Either a RESET or Monitor Off will result in that Teensy's share of abandoned RAM to be set truly free. TYQT exit/restart releases all abandoned RAM.

With three active Teensy's a 'Clear Monitor' results in the 'Resource Monitor' dropping the couple hundred MB TYQT RAM to one hundred, but does not release the abandoned RAM. So only the actual serial buffer RAM is credited to TYQT

Teensy #1 had Monitor let off - so it was not abusing any RAM.
7.1GB used : Reset Teensy #2 > 5.3GB used (has not been running VERBOSE Spew as long as #3)
5.3GB used : Monitor Off Teensy #3 > 3.1GB used
 
Didn't touch TYQT 23 hours ? - 50K scrollback - My machine was all but dead to me.

~15% CPU usage and 96% RAM usage : 7.6 of 7.9GB used.

I patiently waited and got some UI - couldn't see Monitor Off click work, hit a button on 1 of 3 Teensy's - still SLOW - and black screens - Ctrl+Alt+Del finally came up with Security settings.

Being impatient - I pulled my USB HUB Plug - taking all three Teensy's offline.

Machine is fine - TYQT dropped them - and RAM was at 2.3GB used when the display came back.

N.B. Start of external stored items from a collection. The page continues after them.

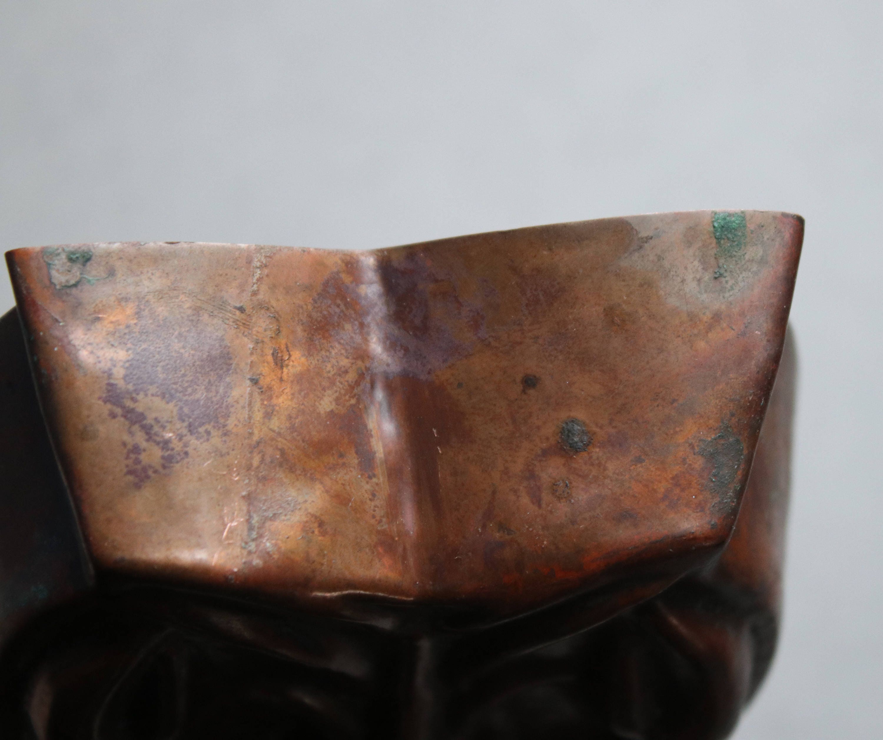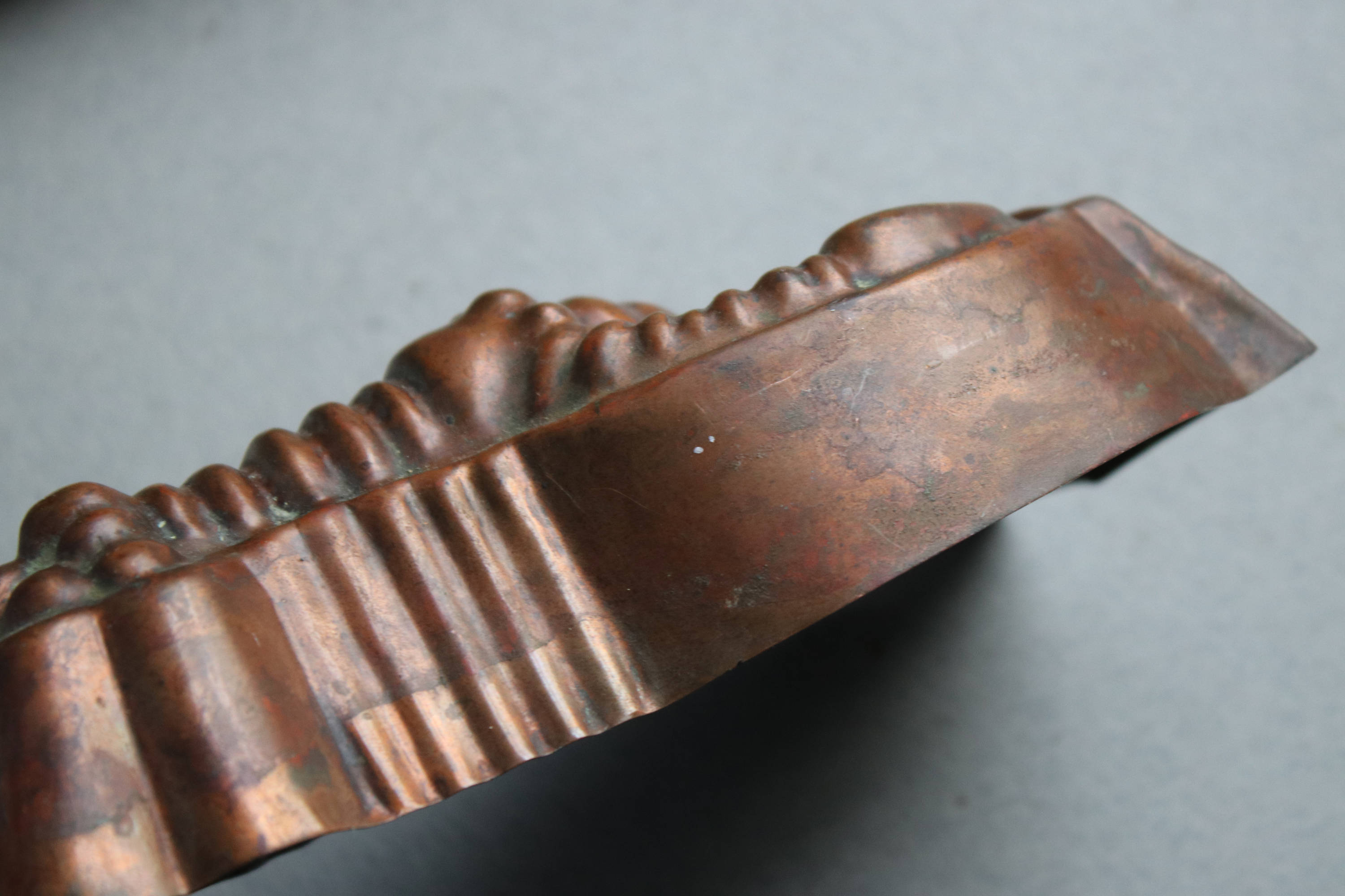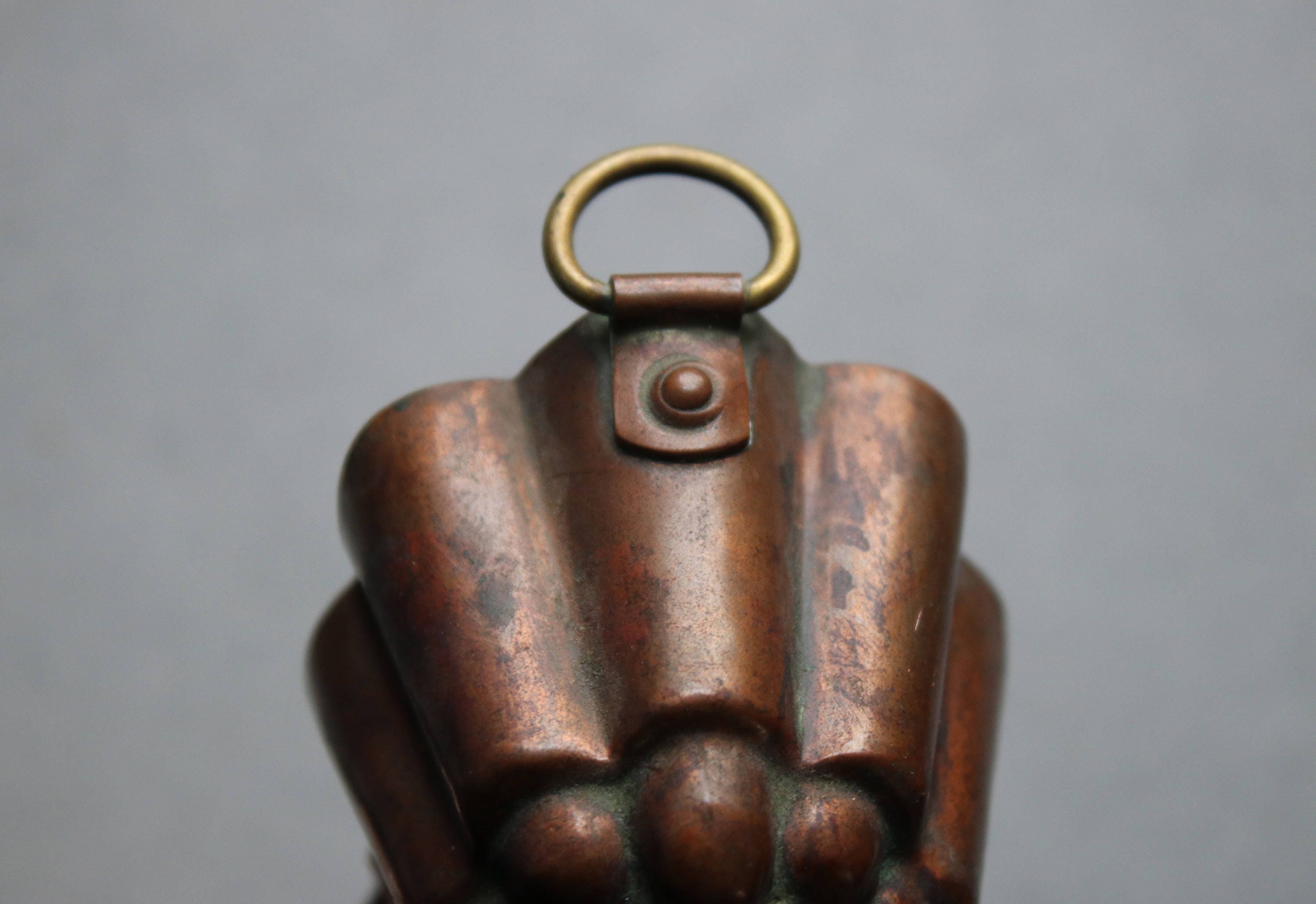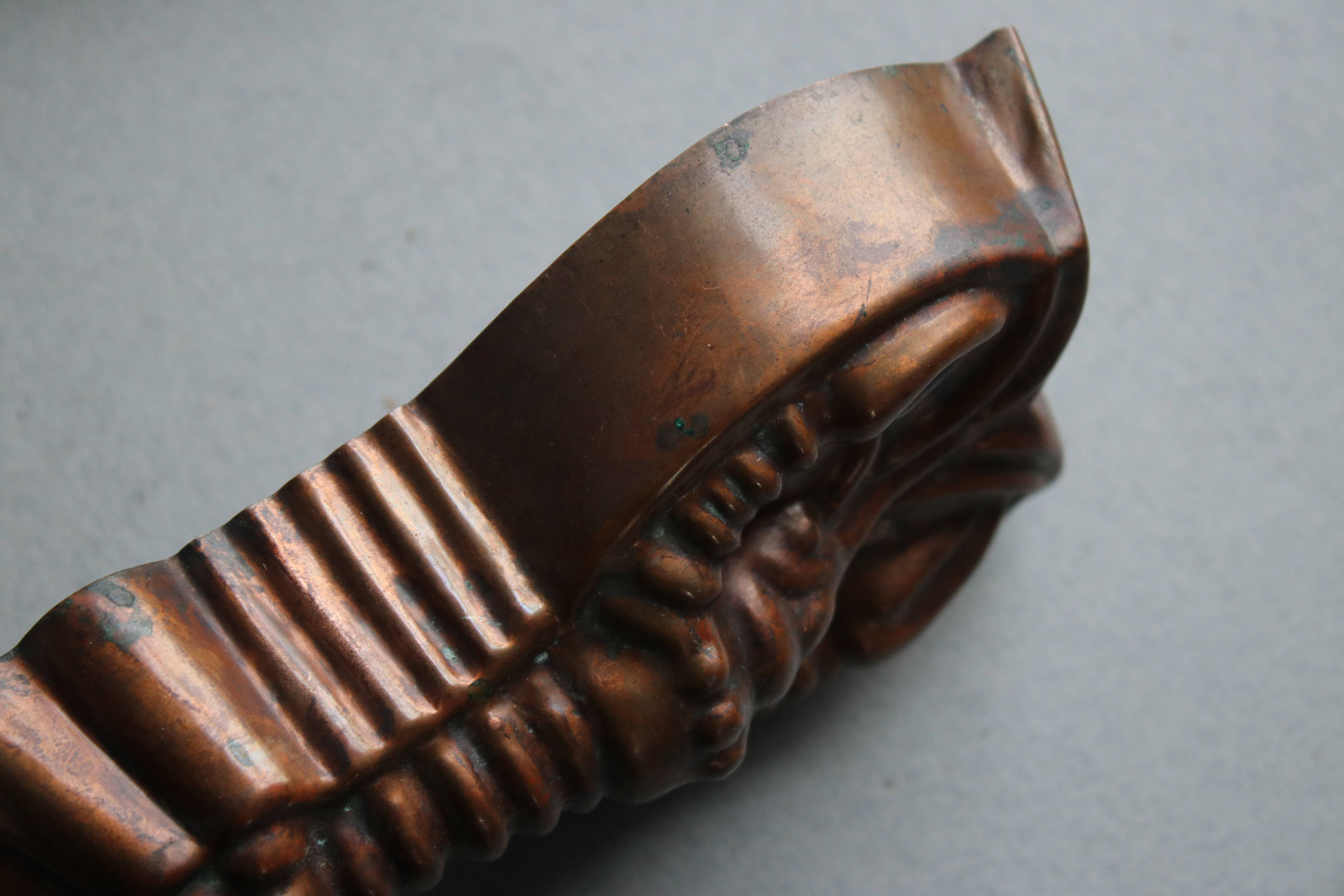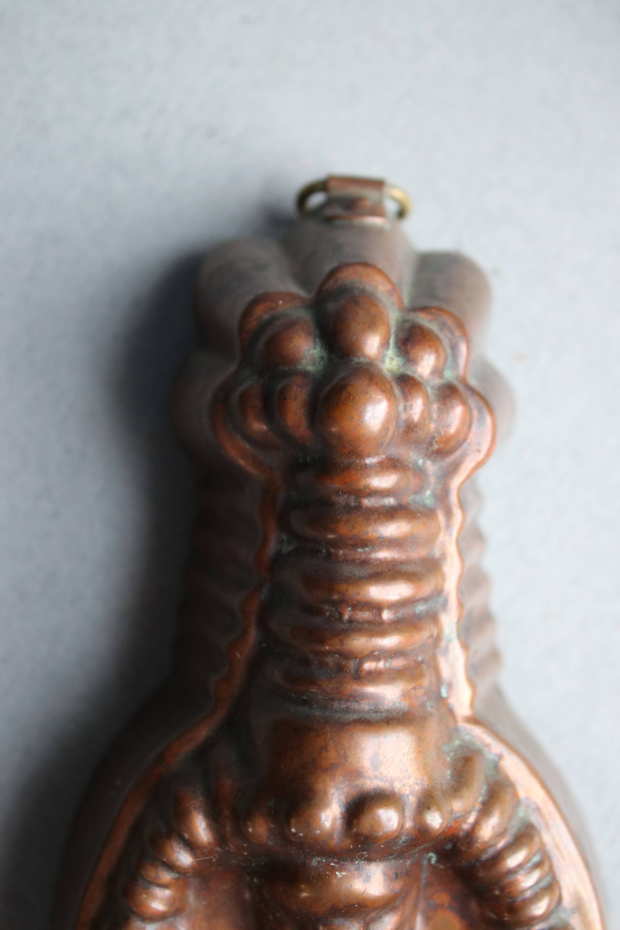 This copper lobster mold has a metal loop for hanging and a rich patina on its surface. Dimensions are 6 1/4" in length, 3 1/2" at its widest and 1 1/8" at its shallowest.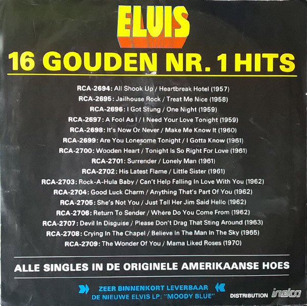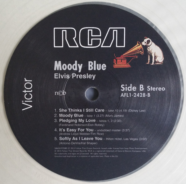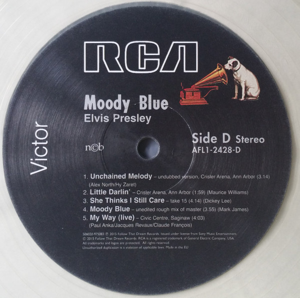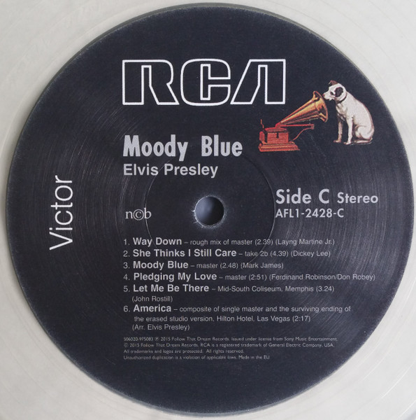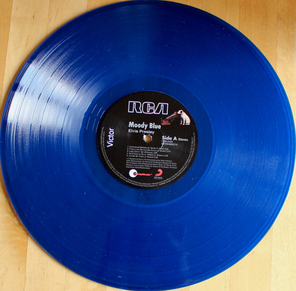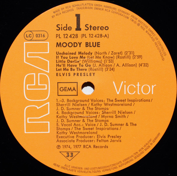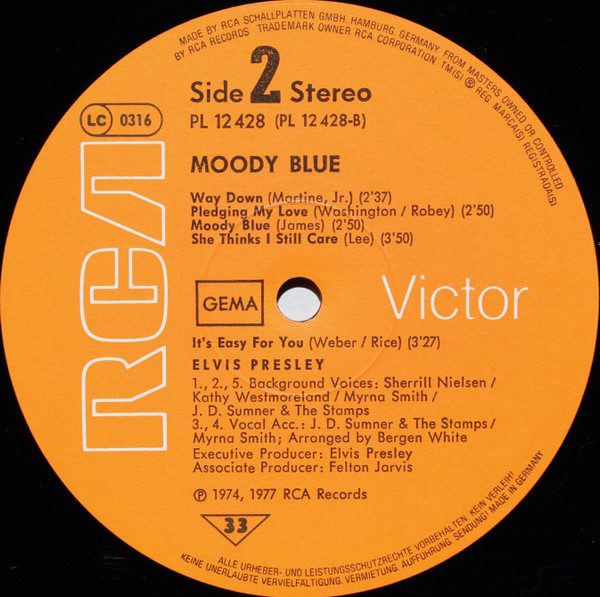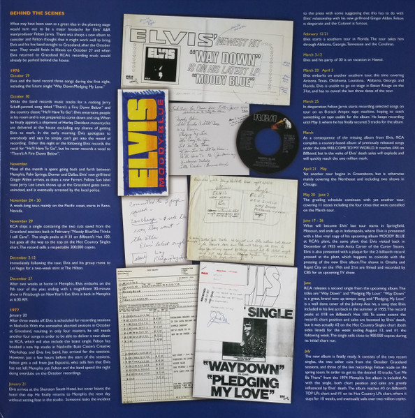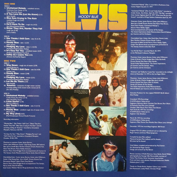 BLUE (LP) (US) RCA AFL1 2428 Released: July 1977 Side 1 Unchained Melody *** If You Love Me (Let Me Know) **** Little Darlin' *** He'll Have To Go ** Let Me Be There (From Live On Stage In Memphis 20/3/74) Side 2 Way Down Pledging My Love Moody Blue She Thinks I Still Care It's Easy For You * * Recorded: Graceland, Memphis, October 29, 1976 Brief History : As described in Elvis: The Illustrated Record, RCA was not able to obtain sufficient new studio material for a complete album, with all but six songs of Presley's studio recordings of 1976 having already been used in the previous album, From Elvis Presley Boulevard, Memphis, Tennessee. The company chose to augment the remaining available works with three live songs recorded in Ann Arbor, Michigan, on April 24 and 26, 1977, including his version of "Unchained Melody" which was the album's third single, released posthumously. RCA and the producer Felton Jarvis had booked a recording studio in Nashville, Tennessee, for January 1977, to record some new tracks for this album. Presley had chosen a few songs to record with the help of Jarvis, most of them were rather country and uptempo. Unfortunately, Presley never showed up at that session, claiming that he was sick and thus staying home (an excuse that Presley used rather frequently during the 1960s to avoid recording poor soundtracks for his motion pictures). Jarvis and RCA had nothing left to do but to fill the album with the live tracks mentioned above. Also included is a live performance of "Let Me Be There" which had already been released three years earlier on his album Elvis: As Recorded Live on Stage in Memphis. The song Moody Blue was released as a single in December 1976 and it reached number one on the Billboard Country Singles Chart, and #31 on the pop chart. "Way Down" was released as the album's next single during the early summer of 1977. It did not go very far up the chart, but it soared to #18 after Presley's death in August (jumping to number one in the U.K.) It was a bigger hit on the country charts, and it had risen to number one in the same week of the death of Presley. This album reached number three on the Billboard album charts after his death, although it had already entered the top 40 before he died. This was the last album by Presley to reach the TOP 40. Moody Blue was also a number one album on the Country Albums chart. Moody Blue was published on July 19, 1977, and it peaked on the album chart in August 1977. RCA pressed the album on blue vinyl, to match the title track. Since colored vinyl pressings were relatively rare, and they almost never occurred in a wide release, this has led to collectors mistakenly assuming that blue-vinyl albums of Moody Blue are collectors' items, when in fact the true collectables are pressings from immediately before Presley's death on standard black vinyl. (Immediately following his death, the production of Moody Blue was shifted back to blue vinyl. However, in some later years the album was produced using standard black vinyl). Following Presley's death, "Unchained Melody" was also released as a single, and it peaked at #6 on the country music charts. The original CD issue had the standard songs of the original. The CD reissue of the year 2000 revised the cover art including a different concert photo of Elvis, omitted the track "Let Me Be There", due to its presence on Elvis: As Recorded Live on Stage in Memphis, and it added the complete album From Elvis Presley Boulevard, Memphis, Tennessee as tracks 10-19 - in effect compiling the Graceland sessions rather than reissuing the album. It was certified Gold and Platinum on 9/12/1977 and 2x Platinum on 3/27/1992 by the RIAA. Front Cover : Photo of Elvis. Title on top. Catalogue number top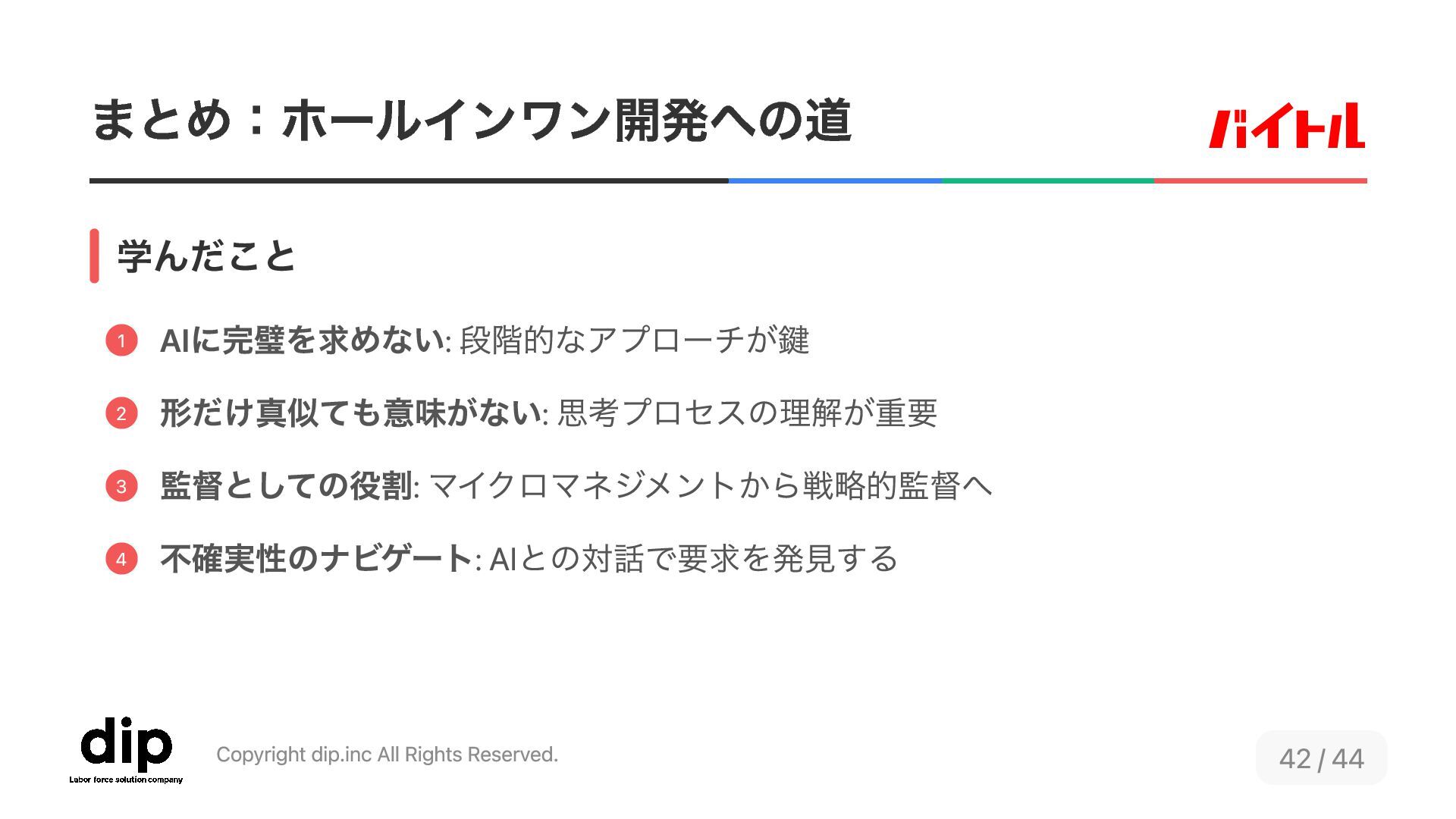 まとめ:ホールインワン開発への道 学んだこと AIに完璧を求めない: 段階的なアプローチが鍵 1 形だけ真似ても意味がない: 思考プロセスの理解が重要 2 監督としての役割: マイクロマネジメントから戦略的監督へ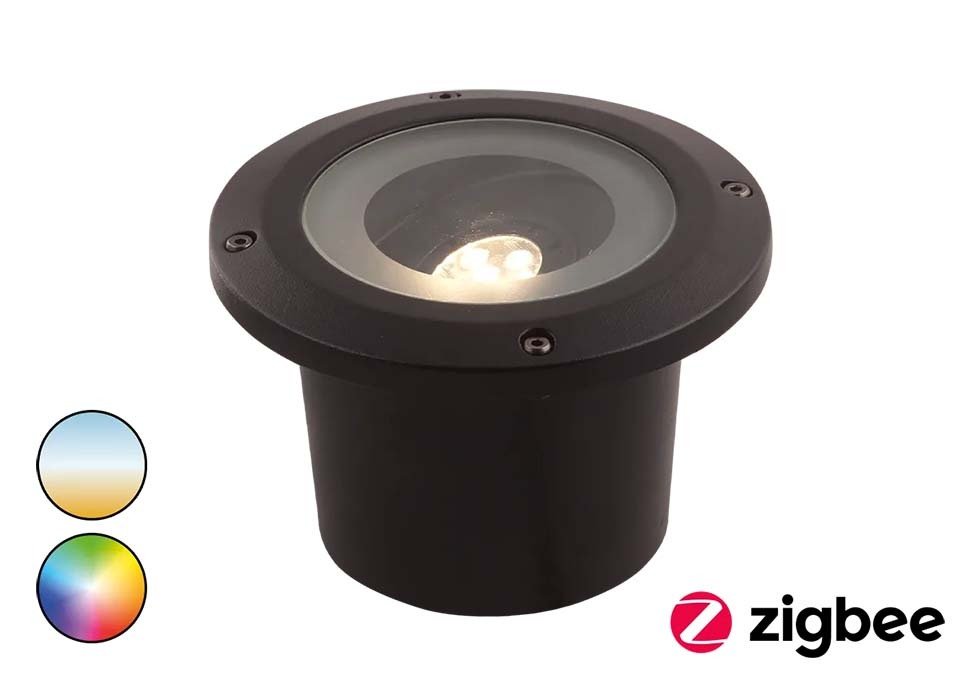 Il suffit d'installer ce spot dans le sol avec le tube fourni, de régler l'angle de la lumière avec la source lumineuse intelligente flexible et de connecter le spot à l'appli Smart Life.

Monitor Off click finally processed, had I waited it probably would have dumped abandoned RAM and given me enough to go, same with button push I assume that 'bootloader' Teensy would have dropped RAM (I'll test that again later after the buffer builds)
 
Didn't touch TYQT 23 hours ? - 50K scrollback - My machine was all but dead to me.

~15% CPU usage and 96% RAM usage : 7.6 of 7.9GB used.

I patiently waited and got some UI - couldn't see Monitor Off click work, hit a button on 1 of 3 Teensy's - still SLOW - and black screens - Ctrl+Alt+Del finally came up with Security settings.

Being impatient - I pulled my USB HUB Plug - taking all three Teensy's offline.

Machine is fine - TYQT dropped them - and RAM was at 2.3GB used when the display came back.

Monitor Off click finally processed, had I waited it probably would have dumped abandoned RAM and given me enough to go, same with button push I assume that 'bootloader' Teensy would have dropped RAM (I'll test that again later after the buffer builds)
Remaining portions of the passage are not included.